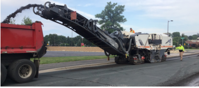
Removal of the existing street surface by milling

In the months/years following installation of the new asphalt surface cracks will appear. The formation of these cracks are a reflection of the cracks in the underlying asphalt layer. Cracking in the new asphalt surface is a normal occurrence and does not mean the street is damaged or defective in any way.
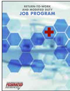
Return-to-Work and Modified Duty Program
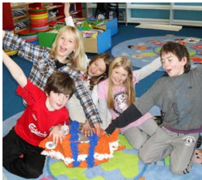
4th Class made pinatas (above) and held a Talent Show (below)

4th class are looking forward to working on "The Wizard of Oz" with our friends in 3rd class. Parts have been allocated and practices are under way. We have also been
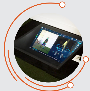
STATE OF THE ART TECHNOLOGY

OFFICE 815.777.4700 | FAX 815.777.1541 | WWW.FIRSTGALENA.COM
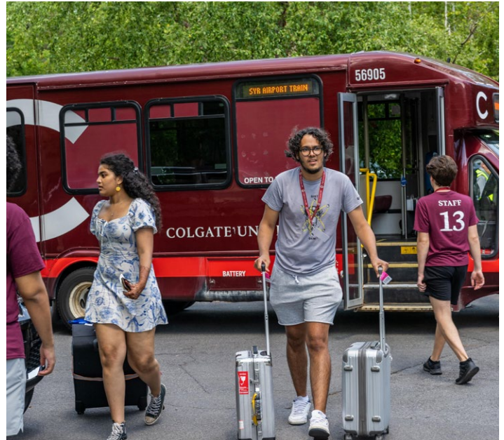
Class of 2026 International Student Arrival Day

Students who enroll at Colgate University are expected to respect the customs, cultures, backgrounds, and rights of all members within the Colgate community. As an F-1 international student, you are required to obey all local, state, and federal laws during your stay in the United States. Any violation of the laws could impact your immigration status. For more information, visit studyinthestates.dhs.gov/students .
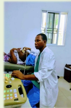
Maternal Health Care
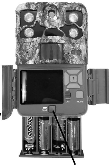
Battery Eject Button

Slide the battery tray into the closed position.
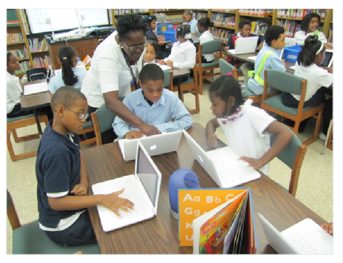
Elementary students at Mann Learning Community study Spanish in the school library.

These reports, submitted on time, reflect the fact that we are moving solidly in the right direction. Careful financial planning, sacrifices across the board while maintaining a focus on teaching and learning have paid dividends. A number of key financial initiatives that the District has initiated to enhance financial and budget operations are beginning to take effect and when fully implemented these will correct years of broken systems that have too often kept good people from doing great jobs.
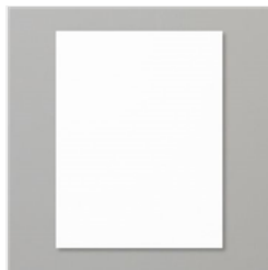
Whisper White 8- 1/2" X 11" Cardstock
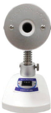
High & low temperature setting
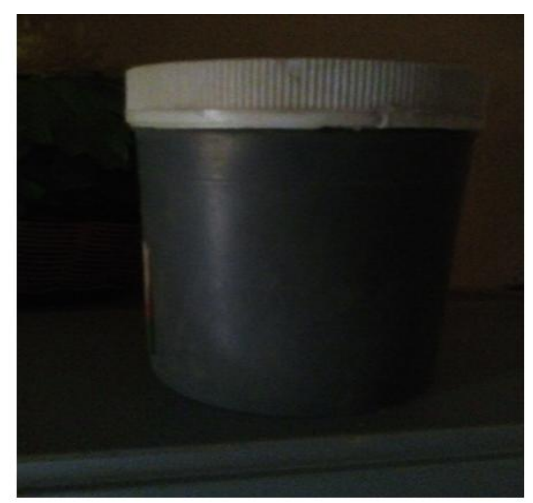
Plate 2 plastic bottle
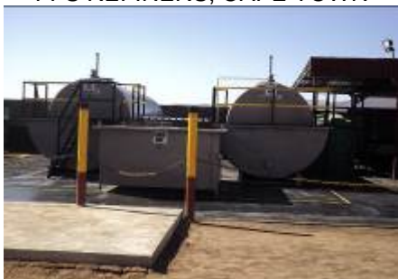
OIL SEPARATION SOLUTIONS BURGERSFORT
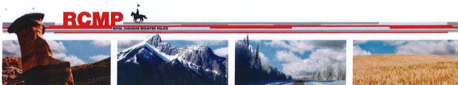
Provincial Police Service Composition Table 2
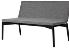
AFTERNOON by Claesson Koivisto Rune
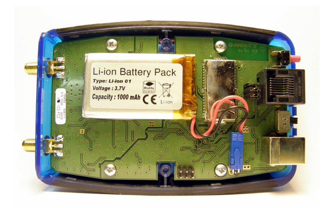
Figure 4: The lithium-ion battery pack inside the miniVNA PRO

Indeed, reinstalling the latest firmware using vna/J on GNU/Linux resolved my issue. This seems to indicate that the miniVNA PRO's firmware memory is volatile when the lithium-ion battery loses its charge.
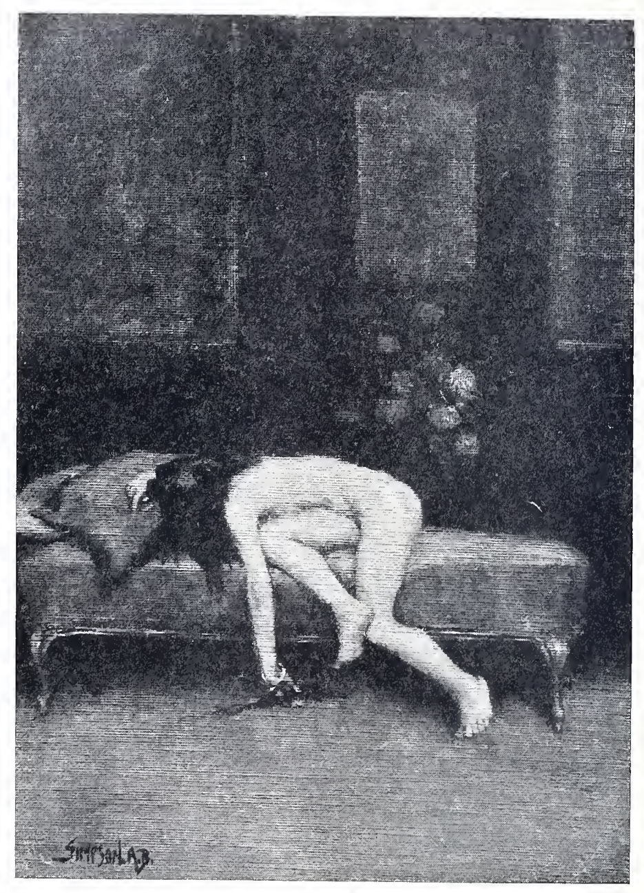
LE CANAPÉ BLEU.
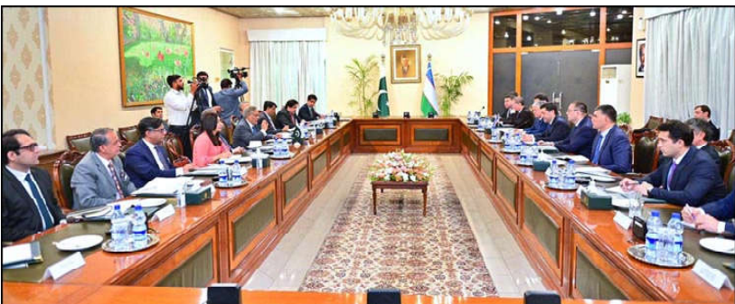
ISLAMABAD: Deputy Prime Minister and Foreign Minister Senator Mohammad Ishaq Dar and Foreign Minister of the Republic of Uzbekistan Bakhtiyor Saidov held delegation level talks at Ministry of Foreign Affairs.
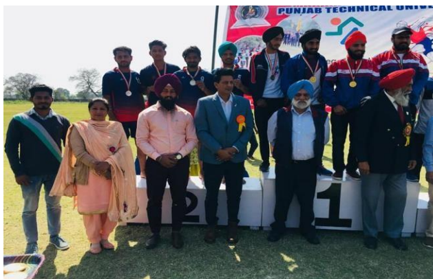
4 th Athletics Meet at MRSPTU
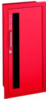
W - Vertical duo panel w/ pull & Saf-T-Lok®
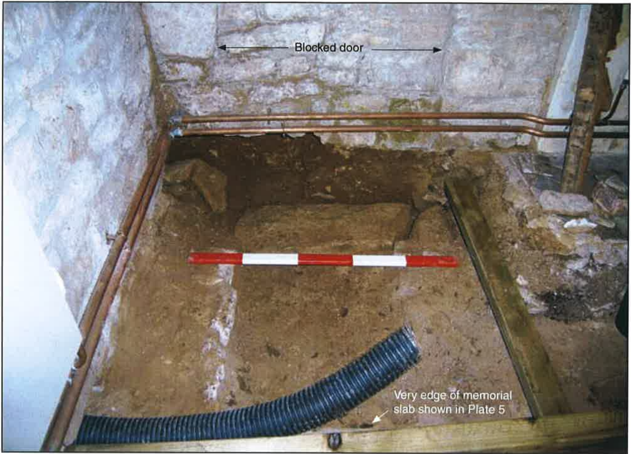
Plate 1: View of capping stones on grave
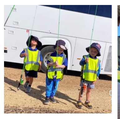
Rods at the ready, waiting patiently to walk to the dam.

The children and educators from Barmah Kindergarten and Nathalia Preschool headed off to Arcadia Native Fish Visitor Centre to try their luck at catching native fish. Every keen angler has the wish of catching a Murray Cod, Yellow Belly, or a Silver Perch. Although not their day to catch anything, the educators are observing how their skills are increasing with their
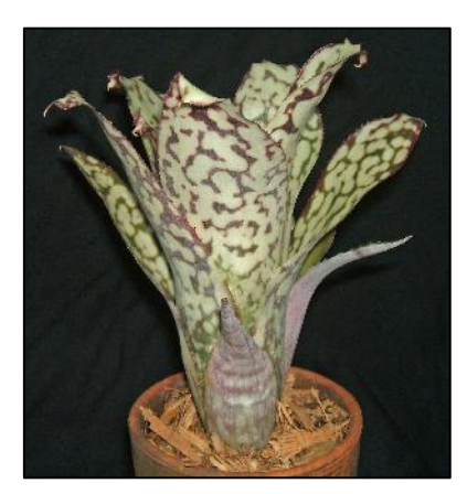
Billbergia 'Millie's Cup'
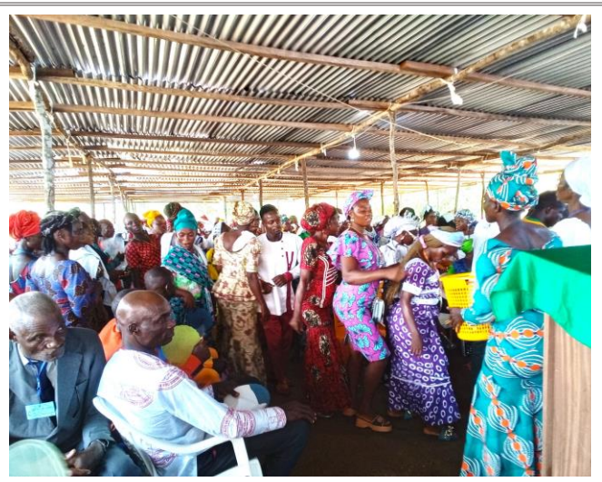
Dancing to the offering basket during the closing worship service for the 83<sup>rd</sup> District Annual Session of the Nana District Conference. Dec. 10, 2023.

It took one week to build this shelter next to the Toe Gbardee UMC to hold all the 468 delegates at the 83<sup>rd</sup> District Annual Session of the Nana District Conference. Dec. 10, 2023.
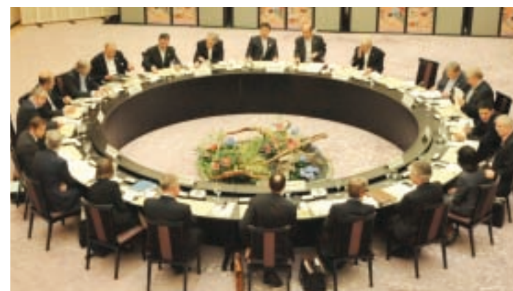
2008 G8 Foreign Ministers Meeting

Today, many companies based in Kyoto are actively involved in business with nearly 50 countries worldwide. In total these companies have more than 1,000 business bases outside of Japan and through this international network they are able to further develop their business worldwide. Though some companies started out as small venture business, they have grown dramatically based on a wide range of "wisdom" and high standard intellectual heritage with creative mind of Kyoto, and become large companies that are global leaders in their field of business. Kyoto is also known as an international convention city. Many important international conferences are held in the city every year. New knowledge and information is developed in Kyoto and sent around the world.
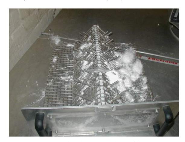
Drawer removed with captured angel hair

= = = =

* PROBLEM *
Write out exactly the lines of the material above, starting with the first and finishing with the line that contains "Class of 2026", without pictures.

* RESPONSE *
Removal of the existing street surface by milling

In the months/years following installation of the new asphalt surface cracks will appear. The formation of these cracks are a reflection of the cracks in the underlying asphalt layer. Cracking in the new asphalt surface is a normal occurrence and does not mean the street is damaged or defective in any way.
Return-to-Work and Modified Duty Program
4th Class made pinatas (above) and held a Talent Show (below)

4th class are looking forward to working on "The Wizard of Oz" with our friends in 3rd class. Parts have been allocated and practices are under way. We have also been
STATE OF THE ART TECHNOLOGY

OFFICE 815.777.4700 | FAX 815.777.1541 | WWW.FIRSTGALENA.COM
Class of 2026 International Student Arrival Day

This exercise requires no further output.